Opinion about Microsoft’s PowerPoint business presentation software is fairly polarized, but now a group in Switzerland is taking issue and making their objections political. The Anti-PowerPoint Party (APPP) is a political party seeking to ban the application, along with other presentation software, as well as run candidates for national office in October. The group claims presentation software costs the Swiss economy 2.1 billion Swiss francs (US$2.5 billion) annually. Across Europe, it says the economic loss is €110 billion (US$160 billion). It bases the figures on “unverified assumptions about the number of employees attending presentations each week, and supposes that 85 percent of those employees see no purpose in the presentations,” according to CIO. Matthias Poehm, the party’s founder is also author of The PowerPoint Fallacy. He confirmed that the creation of the party is designed to promote the book, but he claims people need to know that there are alternatives to PowerPoint -- namely, the flipchart.

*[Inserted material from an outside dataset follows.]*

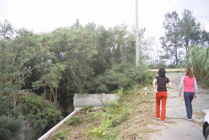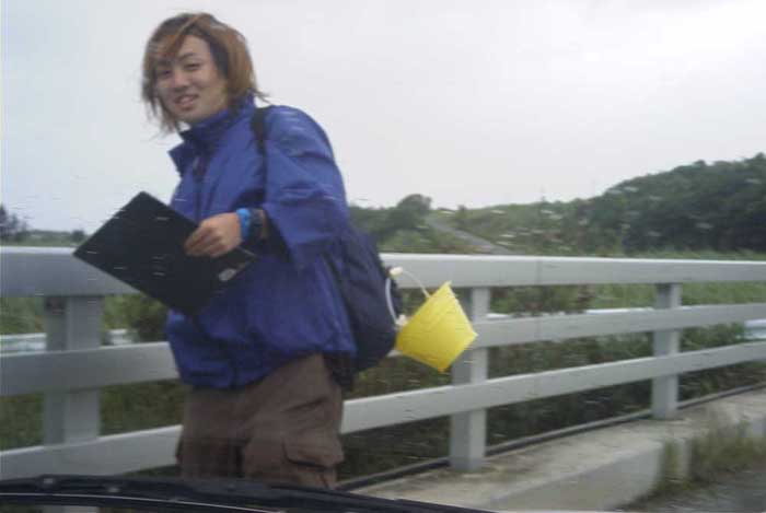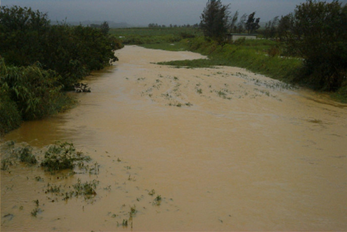 台風で調査できず。豪雨をぬって土地改良(改悪)事業の現場を見て回りました。耕地から流出した赤土がこのままの状態でサンゴ礁の海へ排出してゆく様子をみて、学生たちは愕然としていました。

Microsoft has reportedly not responded to requests for comment.  (CIO)(The Daily Mail)(Anti-PowerPoint Party)

Microsoft Pressing Customers to Jettison Windows XP

Although Microsoft’s Windows XP is not scheduled to be retired until April 2014, the company is telling its customers to adopt another operating system. At Microsoft’s Worldwide Partner Conference in Los Angeles this week, CEO Steve Ballmer said that although 400 million Windows 7 licenses have been sold, between half and two-thirds of PCs are still using Windows XP. “Windows XP had an amazing run and millions of PC users are grateful for it. But it's time to move on,” Stephen Rose wrote on the Windows Team Blog. Effective 8 April 2014, security patches and hotfixes will no longer be available for Windows XP; the company has already limited its support for the OS. Some pundits suspect both consumer and enterprise users may be waiting for Windows 8, tentatively due out in 2012, rather than switch to Windows 7. The company is also reportedly urging customers to upgrade from Internet Explorer 6. (PC World)(The Guardian)(Windows Team Blog)

AMD Launches New GPU Mobile Graphics Card

AMD has released what it claims is the world's fastest single-GPU mobile graphics card. The Radeon HD 6990M is reportedly the mobile market’s equivalent to the AMD Radeon HD 6990 PCI Express. The device has 1.7 billion transistors on a single die and reportedly has a clock speed of 715 MHz and 1.6 tFLOPS of computing power. The company says it is targeting the card specifically at mobile gamers needing enhanced performance and power for their notebook computers. Market rival NVIDIA released the GeForce GTX 580M several weeks ago, which it claimed was the world’s fastest notebook card. (SlashDot)(ZDNet)(CNET)(AMD)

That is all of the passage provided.